__Work order__. Go to the line with "Mocha Rouge #110 (Fall 2011)" in the records below, then output it and each following line exactly, up to and including the line with "Itinerary as per". Skip pictures and add nothing.

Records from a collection
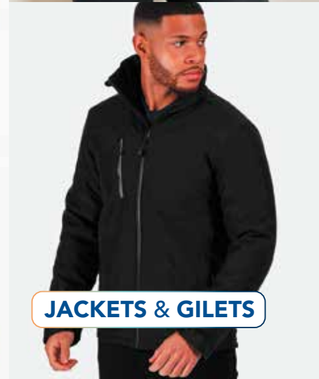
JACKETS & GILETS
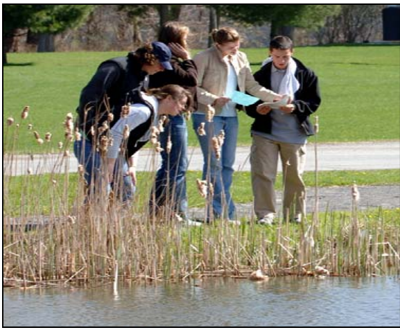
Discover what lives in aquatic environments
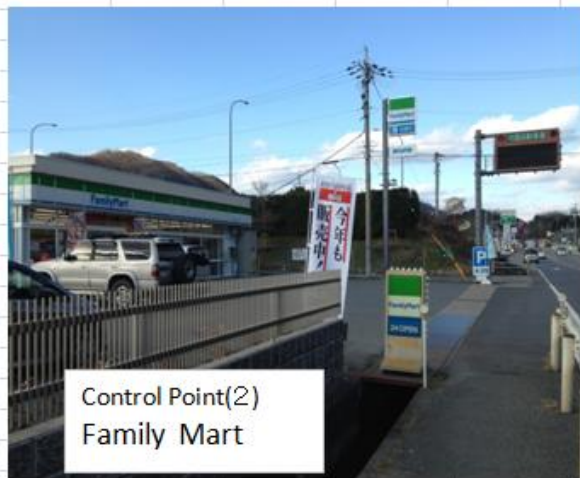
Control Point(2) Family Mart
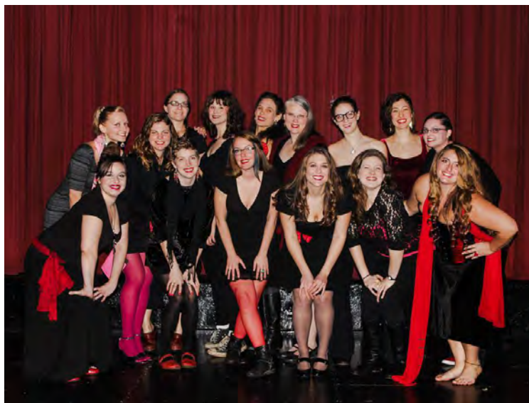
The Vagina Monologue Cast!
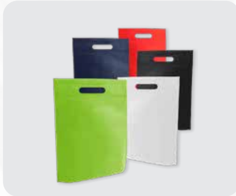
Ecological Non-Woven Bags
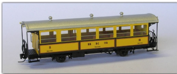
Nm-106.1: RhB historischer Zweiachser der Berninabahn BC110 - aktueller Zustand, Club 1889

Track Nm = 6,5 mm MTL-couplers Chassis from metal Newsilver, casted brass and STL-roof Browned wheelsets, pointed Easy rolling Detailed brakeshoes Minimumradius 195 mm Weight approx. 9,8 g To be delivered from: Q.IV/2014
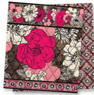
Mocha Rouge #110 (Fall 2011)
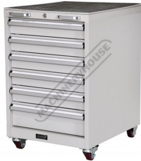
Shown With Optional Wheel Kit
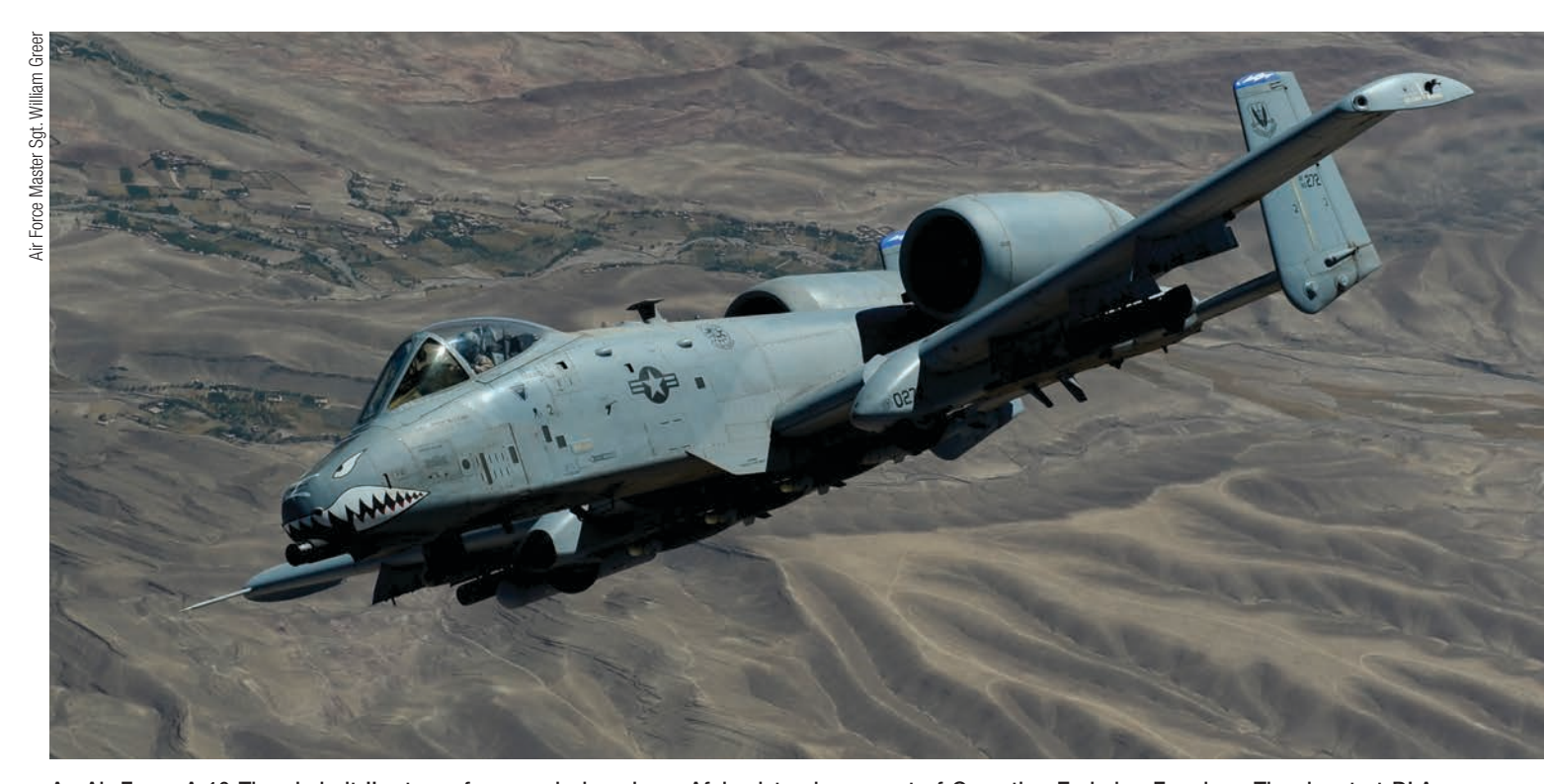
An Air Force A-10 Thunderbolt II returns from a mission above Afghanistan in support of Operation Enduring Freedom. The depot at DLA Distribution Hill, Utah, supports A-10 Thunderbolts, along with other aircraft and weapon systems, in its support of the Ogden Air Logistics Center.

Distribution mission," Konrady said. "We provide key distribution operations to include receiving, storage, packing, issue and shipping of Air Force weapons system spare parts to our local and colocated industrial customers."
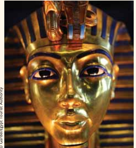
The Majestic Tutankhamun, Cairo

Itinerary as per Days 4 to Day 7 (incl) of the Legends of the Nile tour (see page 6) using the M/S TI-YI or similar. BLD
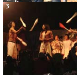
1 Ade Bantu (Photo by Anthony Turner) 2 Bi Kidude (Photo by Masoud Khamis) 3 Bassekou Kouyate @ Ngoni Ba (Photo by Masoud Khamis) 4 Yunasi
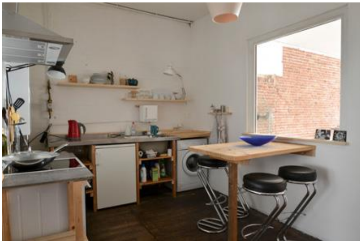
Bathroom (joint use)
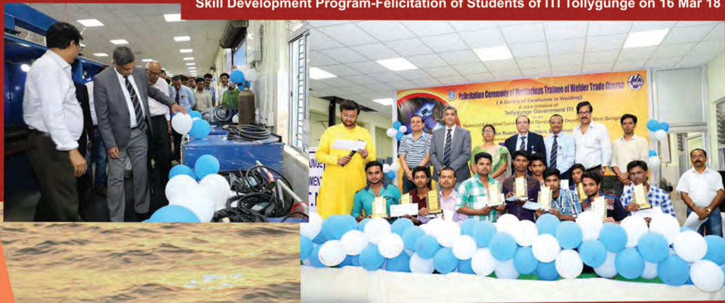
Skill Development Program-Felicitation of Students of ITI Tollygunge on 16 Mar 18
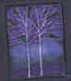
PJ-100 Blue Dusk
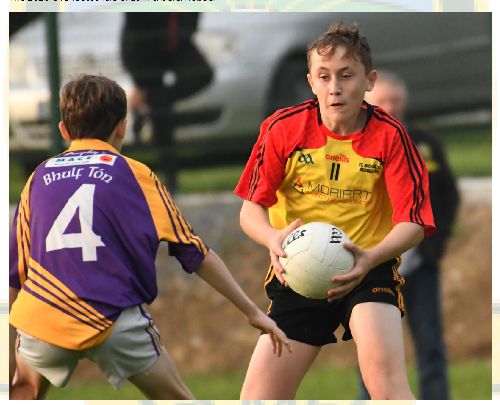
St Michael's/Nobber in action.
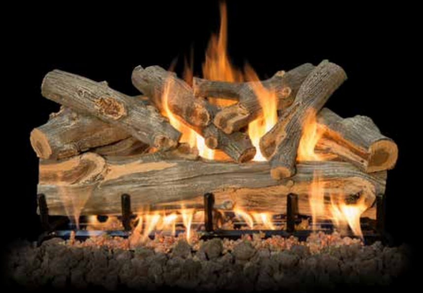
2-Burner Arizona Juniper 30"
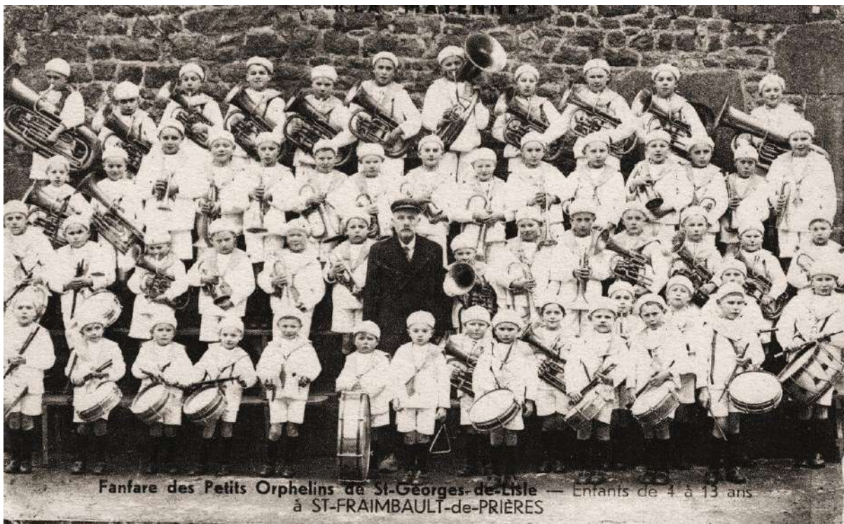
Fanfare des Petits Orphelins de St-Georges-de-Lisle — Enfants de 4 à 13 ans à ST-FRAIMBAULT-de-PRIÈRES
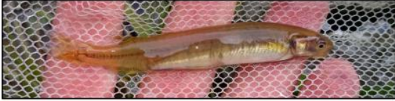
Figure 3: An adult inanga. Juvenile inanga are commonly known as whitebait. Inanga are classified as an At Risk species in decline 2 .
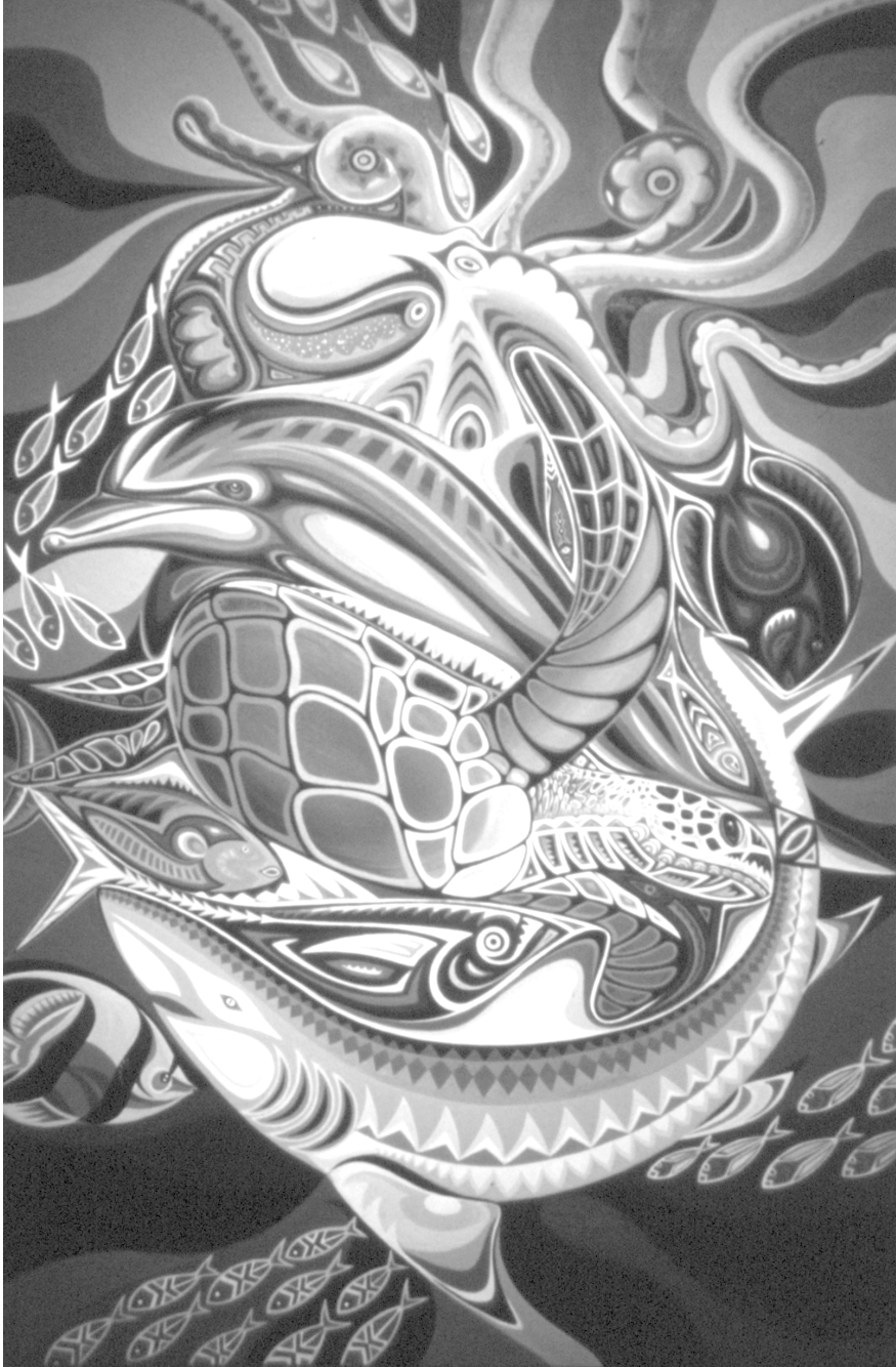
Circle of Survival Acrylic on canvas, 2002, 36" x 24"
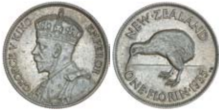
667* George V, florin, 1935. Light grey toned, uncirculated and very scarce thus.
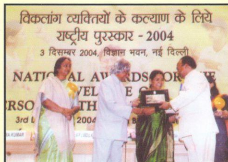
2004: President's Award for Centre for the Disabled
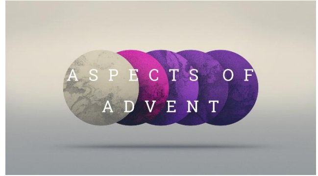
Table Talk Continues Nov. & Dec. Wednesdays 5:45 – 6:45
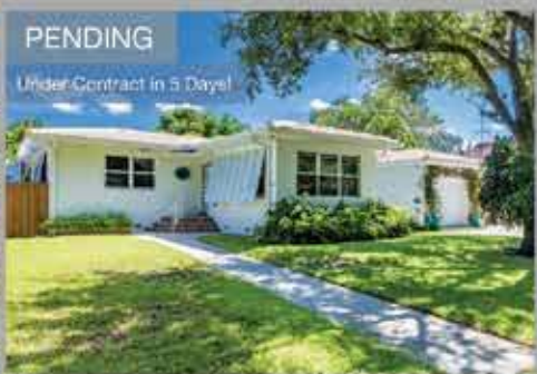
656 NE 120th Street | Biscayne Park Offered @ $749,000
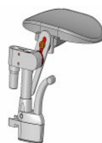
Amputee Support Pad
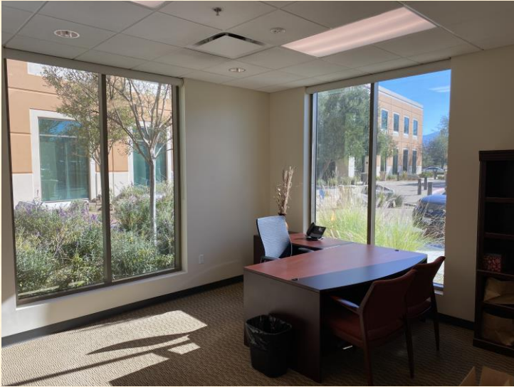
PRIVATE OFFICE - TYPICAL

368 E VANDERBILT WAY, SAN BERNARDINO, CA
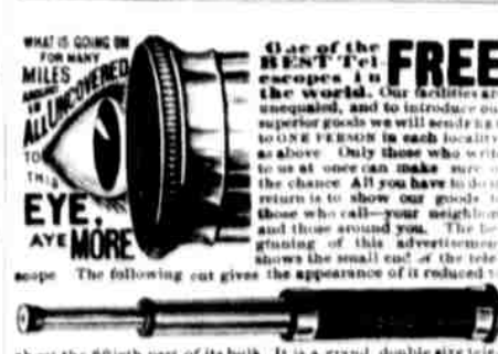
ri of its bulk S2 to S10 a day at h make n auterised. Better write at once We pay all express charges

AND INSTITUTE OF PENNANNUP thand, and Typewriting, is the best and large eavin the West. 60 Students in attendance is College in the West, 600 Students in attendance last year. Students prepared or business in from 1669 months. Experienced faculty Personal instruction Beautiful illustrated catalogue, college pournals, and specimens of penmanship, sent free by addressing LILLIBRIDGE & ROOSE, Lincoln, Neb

__Response below__.
Mocha Rouge #110 (Fall 2011)
Shown With Optional Wheel Kit
An Air Force A-10 Thunderbolt II returns from a mission above Afghanistan in support of Operation Enduring Freedom. The depot at DLA Distribution Hill, Utah, supports A-10 Thunderbolts, along with other aircraft and weapon systems, in its support of the Ogden Air Logistics Center.

Distribution mission," Konrady said. "We provide key distribution operations to include receiving, storage, packing, issue and shipping of Air Force weapons system spare parts to our local and colocated industrial customers."
The Majestic Tutankhamun, Cairo

Itinerary as per Days 4 to Day 7 (incl) of the Legends of the Nile tour (see page 6) using the M/S TI-YI or similar. BLD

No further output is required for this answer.